From a law enforcement’s point of view, waiting to know whether or not Jordan Cove will get a green light for its project isn’t an option. They have to start preparing now.

For Staff Sergeant Doug Strain, he is planning for it to become a reality because that is his job. He is in charge of the Combined Services Unit, a contracted security team for Jordan Cove through the Coos County Sheriff’s Office. He and 21 other deputies will keep tanker ships safe as they go in and out of the bay with liquefied natural gas.

Though the unit formed two years ago, Strain and other local emergency services personnel throughout Coos County have been undergoing training and education to prepare for an LNG terminal in the bay. In fact, Jordan Cove has been providing that training for years.

“Because this has been drawn out for so long, people say, ‘Call me when it comes,’” Strain said about the prospect of Jordan Cove building a local LNG terminal. “But the community should be aware of what their emergency responders have done and what they know.”

LNG fire demonstration

In 2009, local fire chiefs at the time and other emergency personnel viewed an LNG fire demonstration at Texas A&M.

“They are seeing this demonstration of what happens when you have an LNG fire,” Strain said as he showed The World video of the scenario.

Near the small crowd in attendance stood near a 2,000 gallon LNG pool dug into the dirt.

“LNG is minus 260 degrees,” Strain said. “In order to get it heated enough to get it to vaporize, they are spraying water on it. They want to set this on fire and only the vapor will do that, not the liquid.”

CCSO Captain Gabriel Fabrizio explained that LNG is not flammable at minus 260 degrees while it is in the tanks.

“It has to vaporize first,” he said.

In the video, a fireman walked through the edge of the vapor cloud with a 10-foot pole. At the end of that pole was a flare as he tried to set it on fire.

“He is waving that flare in the vapor to find the right density,” Strain said. “Your density of natural gas has to be between five and fifteen percent in the atmosphere for it to ignite. He is looking for a spot of the right density. If that was gasoline, it is a whole different animal.”

When the vapor finally caught fire, it went out a few seconds later. To get it going again, the fireman returned with the flare.

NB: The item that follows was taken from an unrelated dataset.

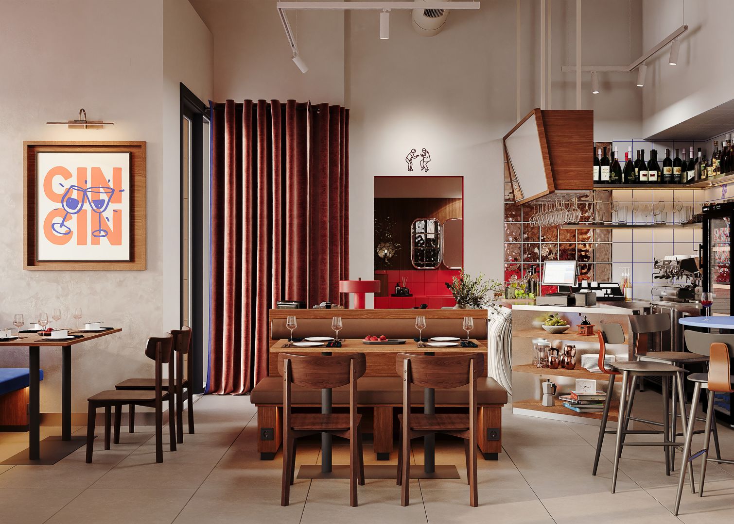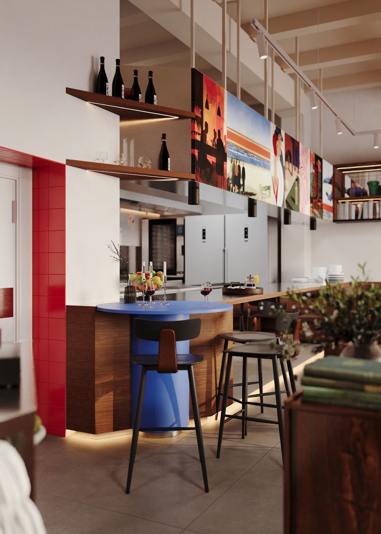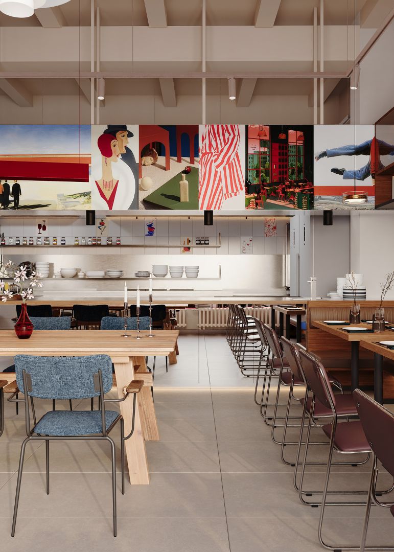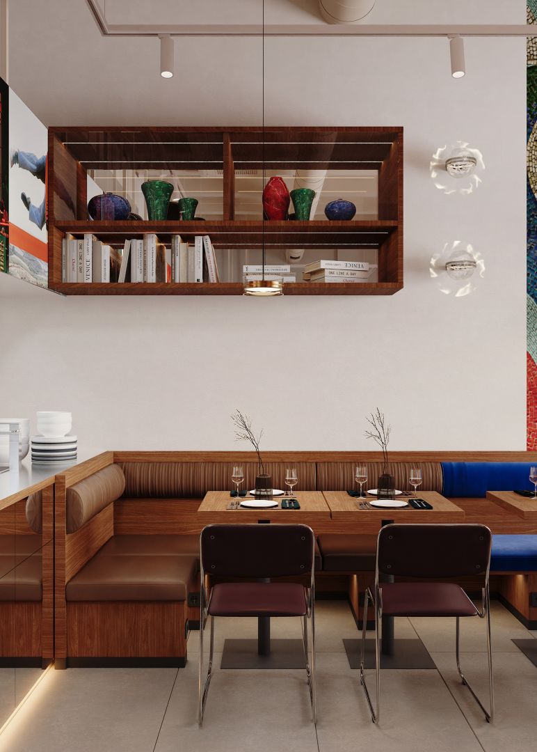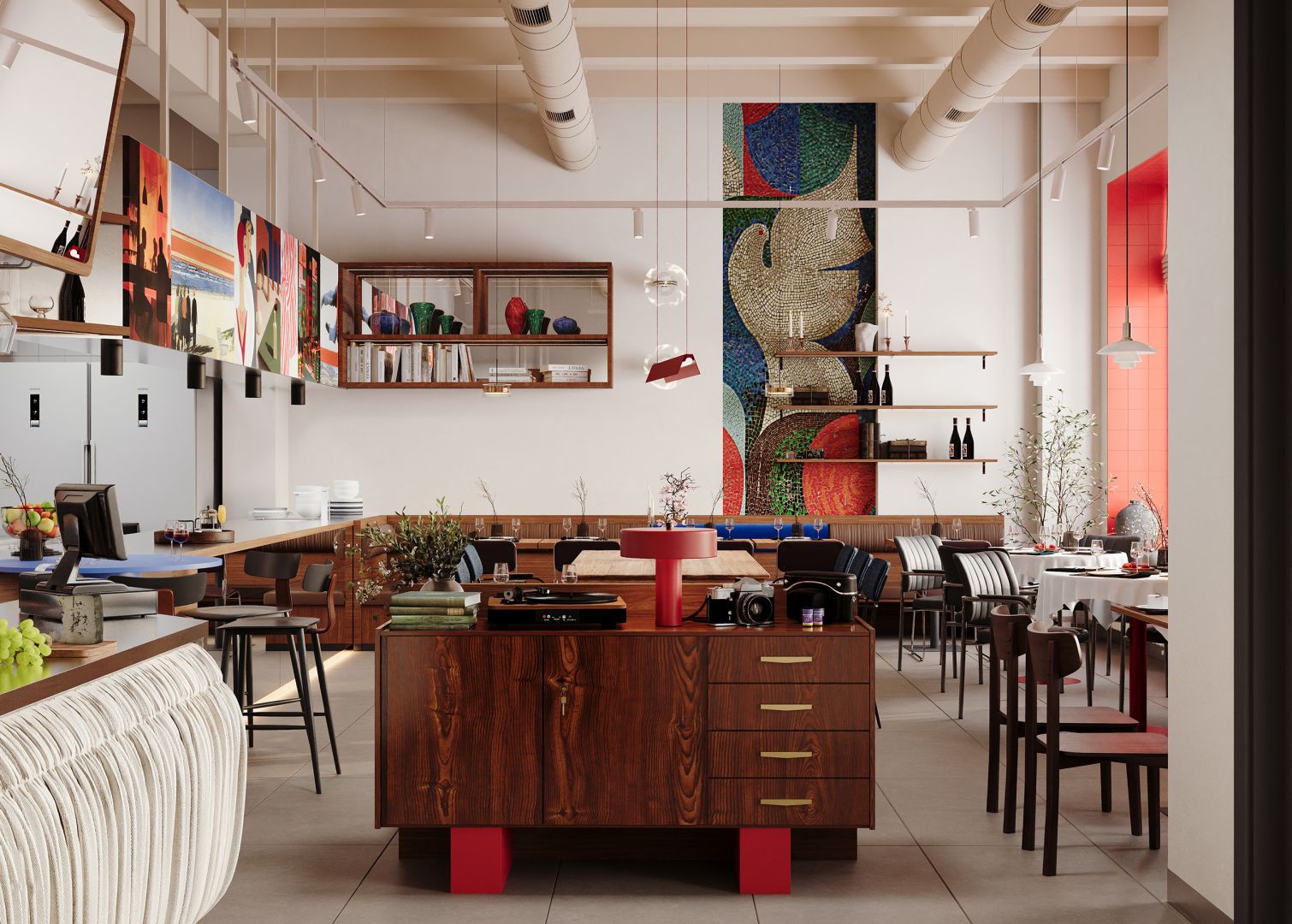Гастрономическое бистро SMENA c ярким и стильным интерьером, сочетающим элементы современного дизайна с яркими акцентами и ретро арт-объектами. В пространстве присутствуют мягкие и удобные диваны, разноформатными стулья с интересными текстурами. Один из ключевых элементов – мозаичное панно, которое украшает стену и добавляет цветовых акцентов. Витрины с винами и другими напитками удачно вписываются в пространство и создают расслабленную атмосферу. Просторная и открытая кухня с видом на столы, а также картины и художественные элементы на стенах насыщают пространство творчеством и вдохновением.

To put it out, the pit was surrounded by large fans that blew out Aqueous Film Foaming Foam (AFFF), which is a common fire suppressant.

“You put this foam over the fuel source, it denies oxygen to the fire and puts it out,” Strain said. “It’s not easy to get one started even with a lit flare, though.”

On top of the demonstration, Strain and others went out to the eastern seaboard to view other LNG terminals, paid for by Jordan Cove. Strain traveled to Maryland and the Gulf Coast.

“Initially when LNG came to town, I was not in favor of the project,” he said. “It was a major change to what our bay is used to, but after doing research and seeing safety measures, the footprint they have, I’m a lot less concerned.”

In fact, he recognized that there is an LNG terminal in Japan that was impacted by the 2011 earthquake. The 9.0 quake closed the terminal for six months due to flooding, but not damage.

“It flooded the control room,” Strain said. “Electronics and salt water don’t do well and it fried everything. Fukishima was impacted by the shaking, but did you hear about LNG in the news? There’s a lot of little information people need to know for the safety of the community.”

The Combined Services Unit

When Jordan Cove first began talking about opening an LNG terminal, which is still moving through the permit process now, it was going to hire private security to work in conjunction with the U.S. Coast Guard.

“But from the Coos County Sheriff’s Office’s perspective, why contract to do safety and security around the terminal with an outside source when you can have deputies who work here every day?” Strain said. “That was a big driver of the CSU.”

The biggest push behind the CSU was the 2005 Energy Policy Act moved forward by congress. Before it was enacted, LNG terminals could open up a location and it was anyone’s guess as to who bore the burden of cost.

In Boston, there is an LNG terminal downtown and has been in operation for over 50 years. According to Strain, one of the biggest challenges they found was not the terminal itself, but security surrounding the shipping.

“The terminal is responsible for itself,” Strain explained. “Once the product is loaded onto the ship, the ship owner is responsible. So you can have multiple ship owners in the area filling up with product and leaving, but who is responsible for security?”

Ideally it would be the U.S. Coast Guard, but after 9/11 it found itself in more of a security role than ever before.

To take the burden off an over-extended Coast Guard, the 2005 energy policy made the terminal responsible for the product since it controlled who traveled to its port of call.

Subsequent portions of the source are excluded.